Between them, these two ministers attempted to eviscerate Medicare, to make the PBS unaffordable to many patients, to reduce GPs’ incomes while greatly increasing their duties, and to make the patient pick up the tab. They called it Medicare Plus. It was said to be about making the PBS sustainable and strengthening Medicare.

Opposition came to a head with the first of the national summits on health policy, organised by Professor John Dwyer, then director of medicine at the Prince of Wales Hospital in Sydney. As the health policy officer for the Australian Consumers’ Association at the time, I was on the organising group.

The conference was attended by most of the key figures in Australian medicine and health policy, all discussing the iniquities of government policy and ways of doing the job better.  After a couple of days of an intense conference at the Old Parliament House in Canberra, a march was organised up the hill to the new building to confront the minister and the government.

About three hundred of the country’s most eminent doctors, health economists, administrators and researchers marched ‒ well, sauntered in a determined manner ‒ behind a big banner. I was on one pole and Francis Sullivan, then the CEO of Catholic Health Australia, was on the other.

I was getting over-excited and kept having flashbacks to the anti-Vietnam demos of my faded youth. I tried to get the professors to chant ‘Ho, Ho, Ho Chi Minh!’ but they wouldn’t.

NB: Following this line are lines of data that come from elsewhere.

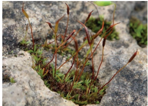
Aloina ambigua, Haslar Lake, Gosport, December 2022.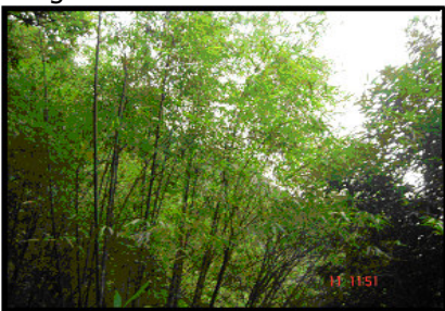
Bamboo surrounding the trail

The trail is surrounded by many different plant species, including one of the few natural resources of Bambusa Vulgaris (bamboo) in Hong Kong.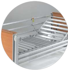
STEEL SAFETY SIDES Full length steel safety sides (pair) CM-ACC04.52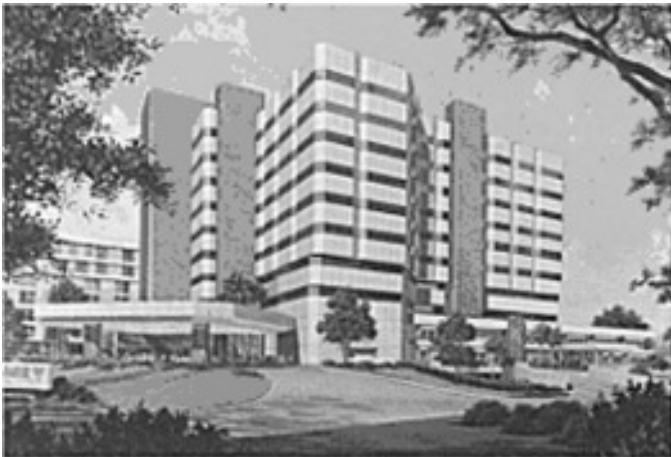
Figure 2 Exterior application of APC sheets

Aluminum composite panel is the most versatile building material for exterior and interior uses. Examples of exterior (curtain walling and wall paneling) usages include high rise commercial, industrial, residential buildings, shopping malls, etc. Specific functions are for store canopies, shop fronts, dealer sign boards, display units, innovative furniture, partition, etc. Many developers now suffer from stained concrete, cracked masonry, falling render and other time related problems.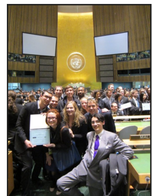
EMU Suriname Delegation

at the American Model United Nations conference in Chicago.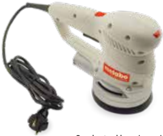
Sander tool housing printed in DuraForm PA material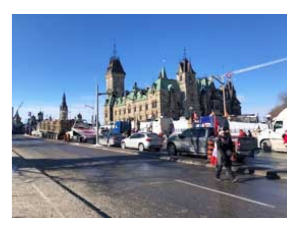
Unifor is urging all federal parties to condemn the 'Freedom Convoy' actions that have denied workers access to their jobs and continue to threaten the economic security of thousands. Read Unifor's statement here: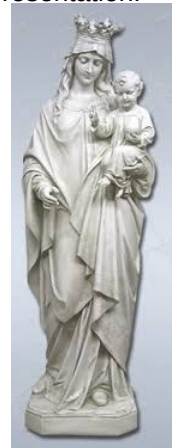
Nachash holding her family seed line of enmity, Gen. 3:15. She is not Mary as falsely claimed. She is Rome’s Queen of Heaven. (Jer 44; Rev 18:7)

The Black Nobility are the family of Cain that ruled the merchant power of Venice for 1000 years, then moved into Europe to usurp the royal houses. Today they operate from Rome, London, Washington D.C. “Black” refers to their wicked deeds not their skin color. This Cain family is not to be mistaken with “Jews” who are from Esau/Edom.(Communists) The Sirius Cult was known as Astarte worshipers in Bible times. Astarte was known as the goddess Ashtoreth by the Israelites (I Ki. 11:5,23) Below is her picture in modern “world church” representation: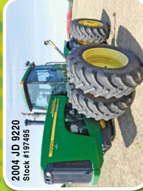
2004 JD 9220 Stock #197495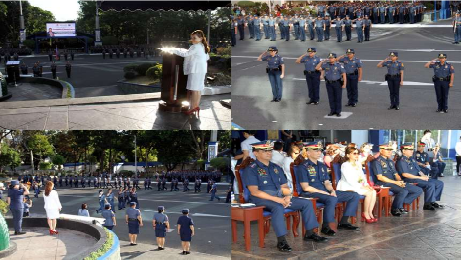
The Philippine National Police recognized policewomen with outstanding accomplishments during the culmination of Women’s Month on March 25, 2019 in Camp Crame, Quezon City.

seminary’s Annual Fides et Ratio Conference on Saturday. Present during the Mass were the seminary formators and staff, parents of the seminarians, and a number of Filipinos working and residing in Miami. Directing his attention to the Filipino community, the cardinal reminded of their “mission” as “witnesses” of Christ. “We should witness to the world wherever we are, don’t be ashamed to tell the world how good God is,” he said. Cardinal Tagle also appealed to the Filipino families to instil in the minds of their children and grandkids the possibility of priestly and religious life vocation. From Miami, the cardinal left for Austria on Monday for a meeting of international Caritas representatives and the ongoing Humanitarian Congress.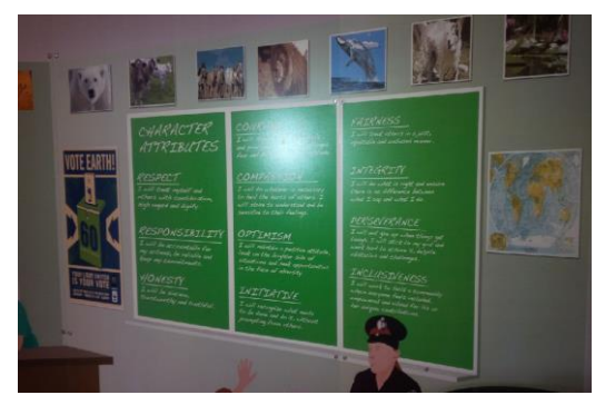
Community Safety Village – Whitchurch- Stouffville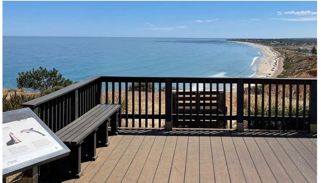
Sellicks Beach, South Australia

Elephant Seal Cam: https://elephantseal.org/live-view/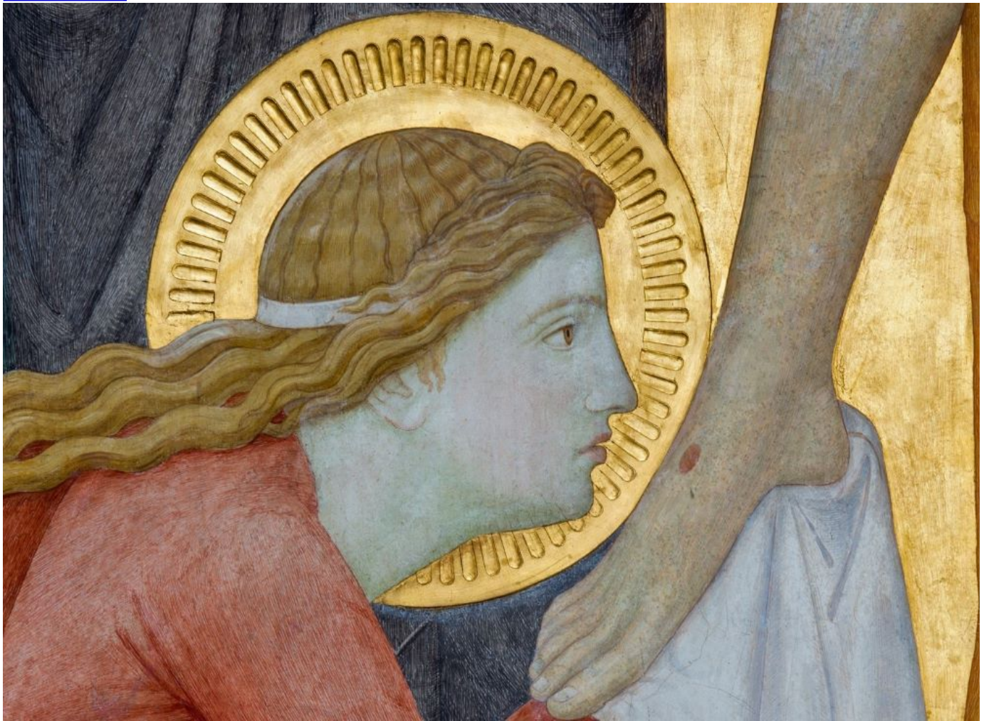
Mary Magdalene washes Jesus' feet in this detail from a fresco in the Carmelite church in Vienna, Austria.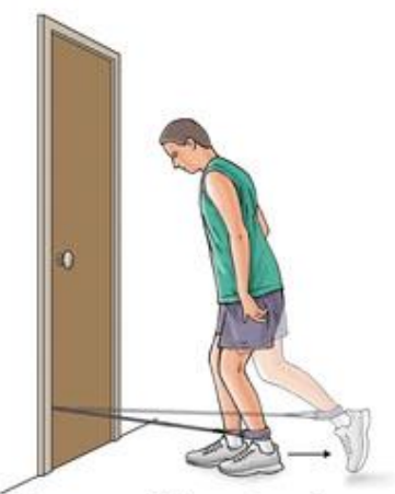
Knee stabilization: A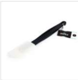
MONDO PRO SPATULA 25CM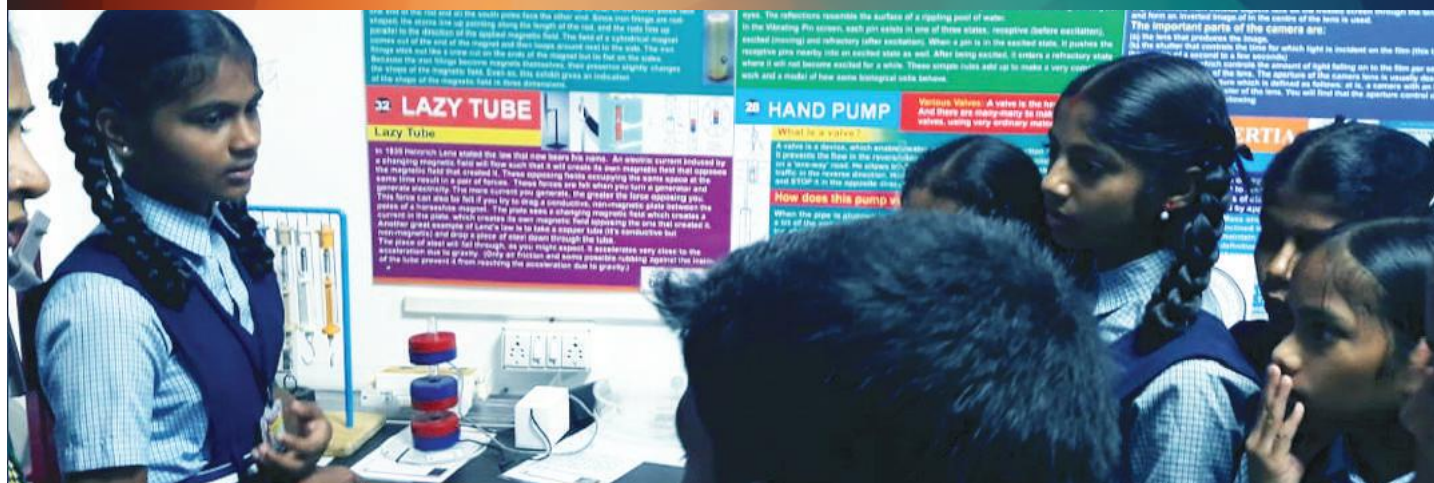
Photograph: Students discussing a project in the mini science center at the school.

HKVP's Vidyaprasara Vidya Mandira believes in providing 'Critical Thinking Spaces' that are both student-centered and student-driven, where students are allowed to critically think and have them productively struggle and fail, learn from those failures and work their way through the problems. It's really a creative and exploratory way of learning, one that they will never forget.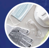
Personal Protective Equipment (PPE)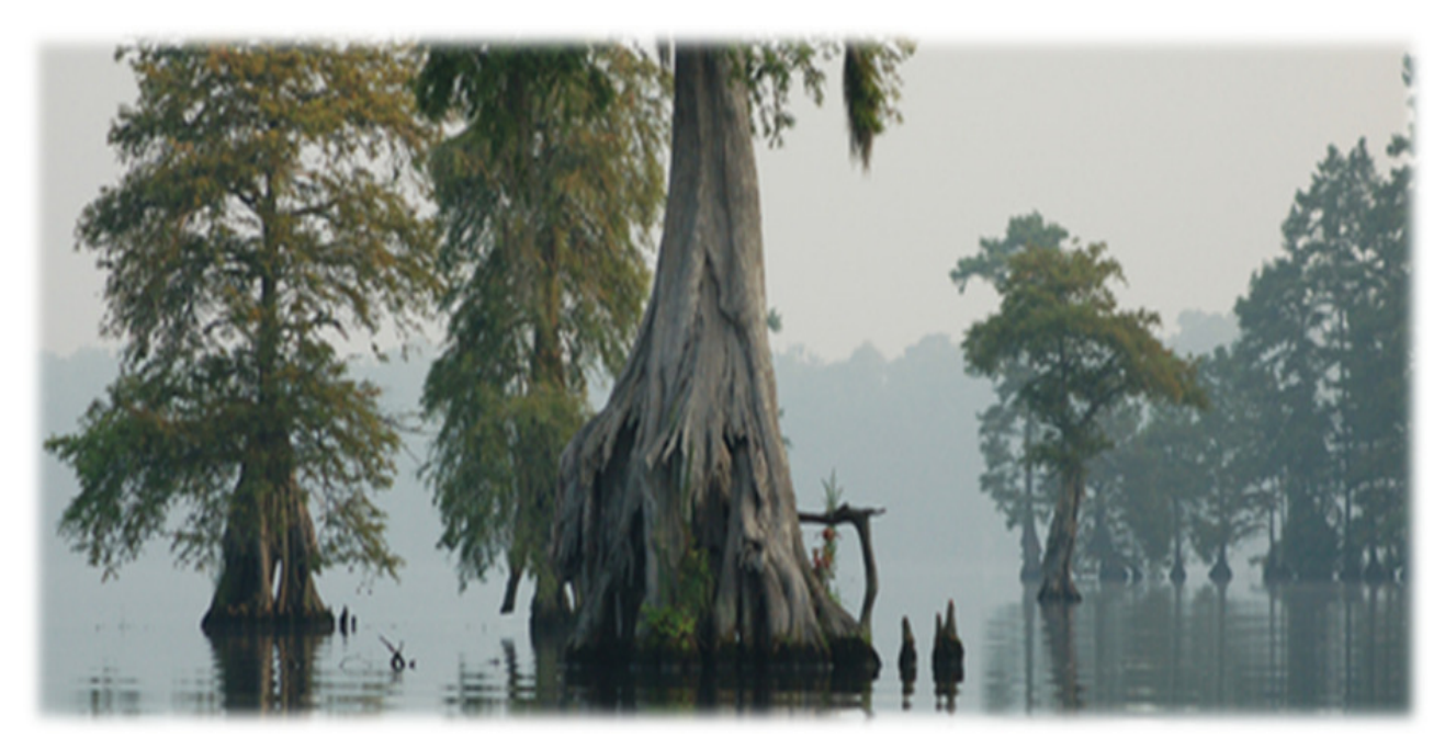
Fig 1 Lake Drummond at Great Dismal Swamp National Wildlife Refuge in Virginia.

This work is licensed under a Creative Commons Attribution 4.0 International License

It was a quiet, rather dignified procession by people who felt a bit uncomfortable about doing such a thing but felt they should. When we got as close to the new parliament building as we were allowed to go, there were speeches by politicians, but nobody from the government showed up. Of Kay Paterson there was no sign, either now or at the conference to which she had been invited.

Paterson, by then, was not going to meetings at which she was likely to encounter opposition. She didn’t go the Health Ministers’ Council meetings either, because they were full of Labor state ministers who didn’t like her policies. People who disagreed with her face-to-face ‒ if they got that far ‒ were berated and belittled.

Then we all went home. The conference and its polite little march, though, left their mark. There had been massive media coverage and it helped to distil the public’s profound dissatisfaction with a government which was destroying universal health care ‒ a system which embodies so many of the values of a decent society that it has become one of the ways in which the state of that society is judged.

There had been scandal after scandal ‒ the mass resignation of the government’s key PBS committee (I was a member) and its drug and alcohol committee, the ‘MRI scan scam’, the involvement of Dr Wooldridge with the College of GPs which left the College fighting for its financial life, his brawl with the AMA president, the assault on medical students, the government-induced decline in doctor numbers.

Finally John Howard, who took little interest in health, was forced to do something. Kay Paterson was sacked and replaced as minister by … oh, that’s right. Tony Abbott.